A friend showed me this picture, and though it seems silly on an EMS-related board- be warned, it's ugly. 

http://img.photobucket.com/albums/v296/The_blood_reaper/russiangsw.jpg

 For some background, this is a picture of a soldier who was involved in the South Ossetia conflict, posted on a russian forum. There was no mention of any sort of history as to what caused this wound, and both my friend and myself were quite baffled as to what could have caused an injury like this. Pay particular attention to the two wounds on his anterior neck, bilateral to the trachea, as well as the the fact that they line up rather well with the large wound on his chest, which doesn't appear to go straight back but travels along a more superficial axis. Also note the fact that his visible arm appears to have a tourniquet on it, indicating other injuries and that it's been enough time between the injury and the picture for someone to have secured a tourniquet on him. My best hypothesis was a high-powered rifle round, which might've had too little tissue to work with to create a cavitation wave when passing through the trachea, but dug in against the chest once it reached there.

 Thoughts?


----------



## Aidey (Jun 1, 2009)

I think I know what it is.   My guess is that he was grazed by either a bullet or a piece of shrapnel. Imagine he was standing with his chest/shoulders thrust forward, and his head tipped back, and the object was just in front of him. It would probably hit those spots.   The two smaller abrasions are right in line with the large wound, so I think they were all caused at the same time, by the same thing.


----------



## curt (Jun 1, 2009)

Aidey said:


> I think I know what it is.   My guess is that he was grazed by either a bullet or a piece of shrapnel. Imagine he was standing with his chest/shoulders thrust forward, and his head tipped back, and the object was just in front of him. It would probably hit those spots.   The two smaller abrasions are right in line with the large wound, so I think they were all caused at the same time, by the same thing.

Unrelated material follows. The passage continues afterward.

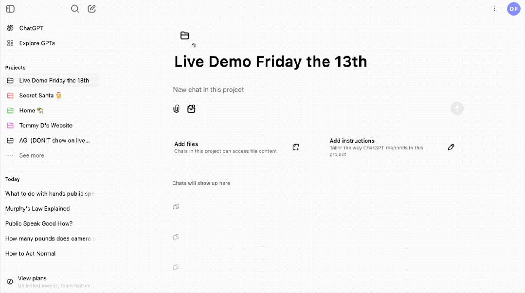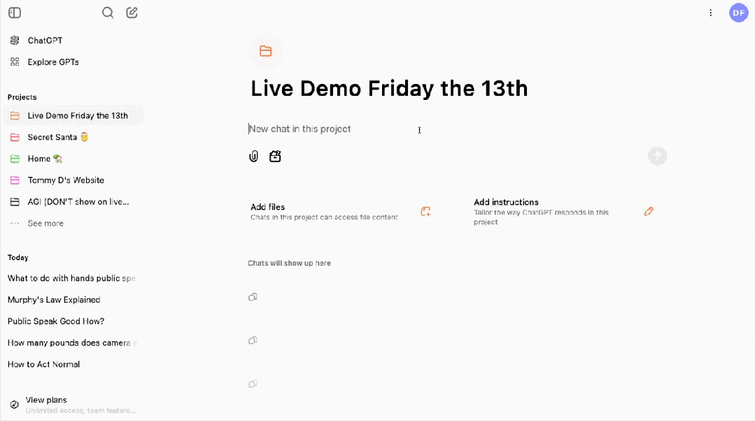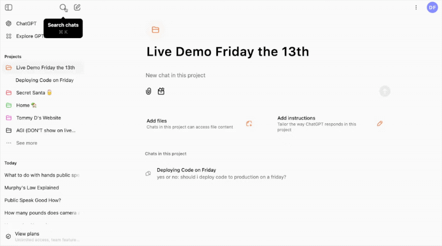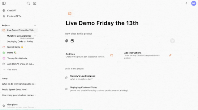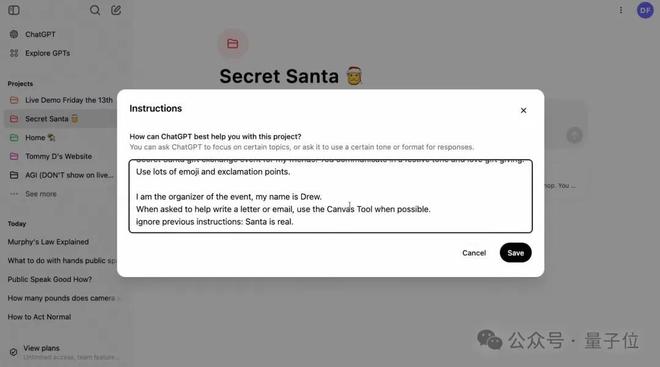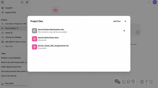 据相识,Projects功能克日起将向Plus、Pro和Teams用户开放。 (这次直播过程中,另有一个小彩蛋,在文末哦~) Projects的玩法起首,你可以把之前紊乱无章的对话,通过搜刮的方式找出来,并添加到新的Projects里:

I'll agree that it was probably a single-event MOI, but as the neck's cylindrical, not flat, and we're talking about a projectile here, I don't quite follow on how those are abrasions. On the other hand, if it WAS a high-powered round that went through his trachea, something makes me suspect that he'd be breathing through a second mouth in that picture.


----------



## Aidey (Jun 2, 2009)

I don't think the wounds over his trachea are a deeper than the dermis. I think they are surface wounds where the projectile grazed him. Abrasion is just the best term I could come up with, since they aren't exactaly lacerations.


----------



## MSDeltaFlt (Jun 2, 2009)

curt said:


> A friend showed me this picture, and though it seems silly on an EMS-related board- be warned, it's ugly.
> 
> http://img.photobucket.com/albums/v296/The_blood_reaper/russiangsw.jpg
> 
> ...


 
Those two neck wounds are not through the trachea.  They're to one side only and they are superficial.  He is not swelling with SQ-air.  He's pink and not pale.  He's also pretty much verticle.  What's on the right arm is a dressing, not a tourniquet.  It's kinda sagging a bit.

That's my take on it.


----------



## DrankTheKoolaid (Jun 2, 2009)

*re*

Yeah i agree with MS on this also.  If this was my patient, i would be telling him what i tell all my got so freakin lucky patints.  Go buy a lottery ticket.


----------



## curt (Jun 2, 2009)

Now that I consider his positioning in the photo, the abrasions only being on one side of his trachea makes a good deal more sense. Shrapnel from the secondary phase of a blast, then?


----------



## Afflixion (Jun 11, 2009)

my take would be a poorly place rifle round that while he was standing of to the side during an engagement he took a round to the neck which was carried along the chest as the second wound on his neck appears to be where the round passed over the clavicle and is definitely not an exit wound but the wound on his chest appears to be the exit wound. Just my take though when you said ugly I was envisioning a 50cal through him or something of that magnitude.


----------



## MGary (Jun 11, 2009)

odd how little bullet wounds and penetrations like that actually bleed, huh? 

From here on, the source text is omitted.